The defining feature of this tape is that both central banks have gone hawkish, and that kills the trade that normally moves the pair. The European Central Bank hiked on June 11 for the first time since 2023, and the Fed signaled hikes rather than cuts at its June 17 meeting. When both sides lean the same way, the rate-divergence engine that typically drives EUR/USD goes quiet, and the pair is, as one currency desk framed it, stuck in the middle rather than poised to break. The euro isn't weak — it is range-bound and sitting toward the softer end.
The geopolitical overhang tilts the balance toward the dollar. A framework agreement between the US and Iran was signed roughly a week ago, but reports that Iran's forces attacked a Singapore-flagged cargo ship in the Strait of Hormuz reignited doubts about its durability. Every flare-up revives the safe-haven bid for the dollar, which acts as a direct headwind for the pair. Oil remains elevated, keeping the inflation-via-energy risk alive and reinforcing the higher-for-longer rate narrative that favors the greenback.

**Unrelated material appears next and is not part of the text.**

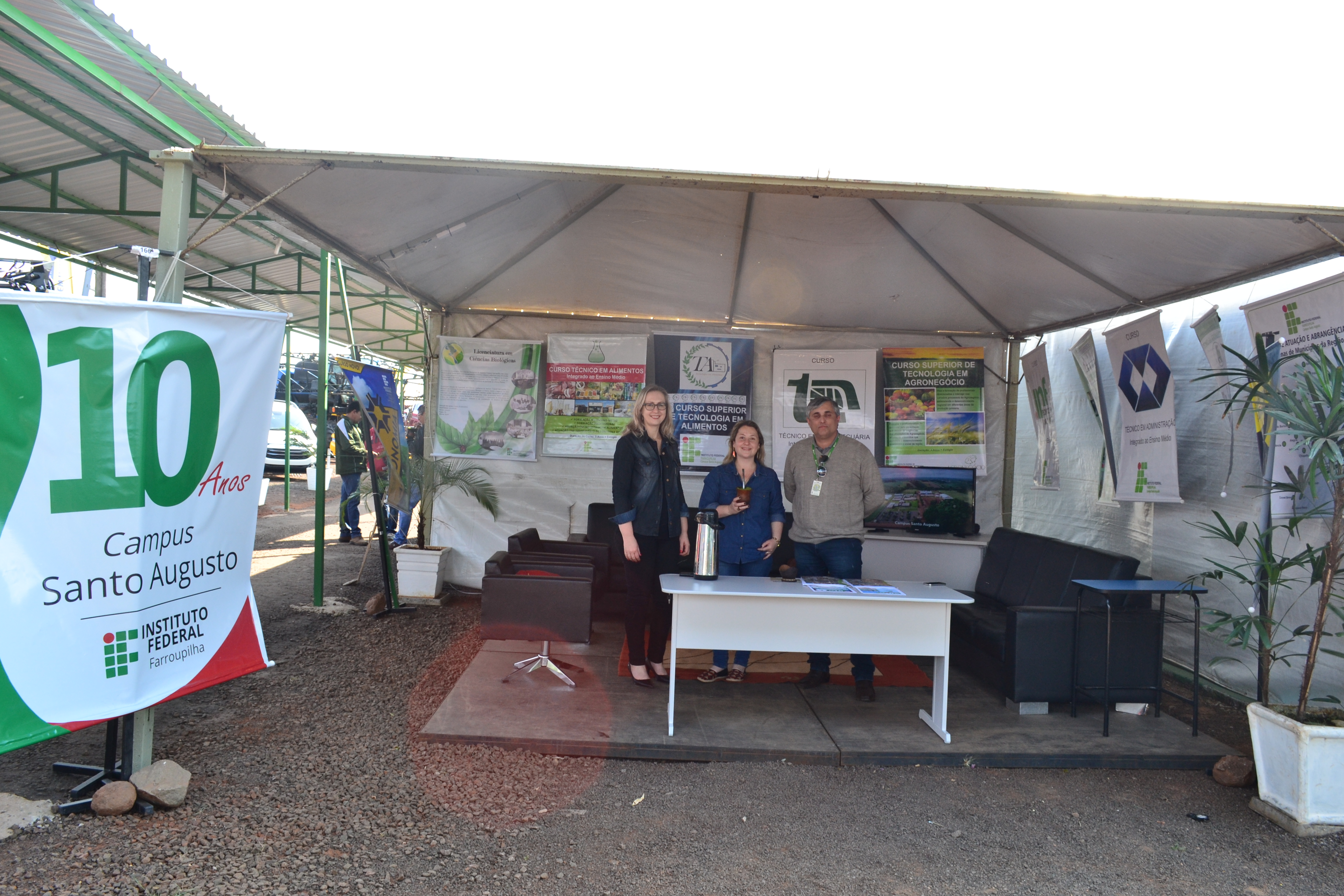 O IFFar – Campus Santo Augusto esteve presente de 10 a 13 de agosto com um estande na 20ª EXPOFEIRA e a 8ª FEICISA realizadas no Parque do Sindicato Rural em Santo Augusto. A Diretora Geral da instituição, Verlaine Gerlach, participou da abertura oficial do evento na manhã de sexta-feira, dia 11, ao lado de autoridades como o deputado federal Jerônimo Goergen, o Secretário de Agricultura Ernani Polo, o prefeito Naldo Wiegert, a presidente da ACISA Marinês Antonow, secretários, vereadores e representantes de entidades como a Farsul.

The thesis for this forecast is direct: EUR/USD is range-bound with a downside lean, pinned near 1.1390 by dollar firmness while the hawkish ECB provides a floor underneath. The 1.1320–1.1435 zone is the line that matters — hold it and the pair grinds sideways in its established channel; lose it on a weekly close and 1.1200 opens, while reclaiming 1.1500–1.1514 is needed to ease the bearish tone. Thursday's US jobs report, the ECB's Sintra forum this week, and the July 23 ECB and July 29 Fed decisions ahead make the next stretch decisive. Until then, rallies are sold.
The Price Scoreboard: From 1.2019 To The Lower Third Of The Channel
The pullback from the cycle high frames the whole picture. EUR/USD crossed 1.20 for the first time since mid-2021 on January 28, 2026, touching an intraday peak at 1.2019 on expectations the Fed would keep cutting while the ECB held. The pair entered 2026 at 1.1721 — its strongest year-open since 2021 — riding a dollar that had fallen 9.4% on a Dollar Index basis in 2025, its largest annual decline since the first year of the prior Trump term. From that 1.2019 high, the pair has retreated roughly 5% to the current 1.1390 zone, the weakest since mid-March.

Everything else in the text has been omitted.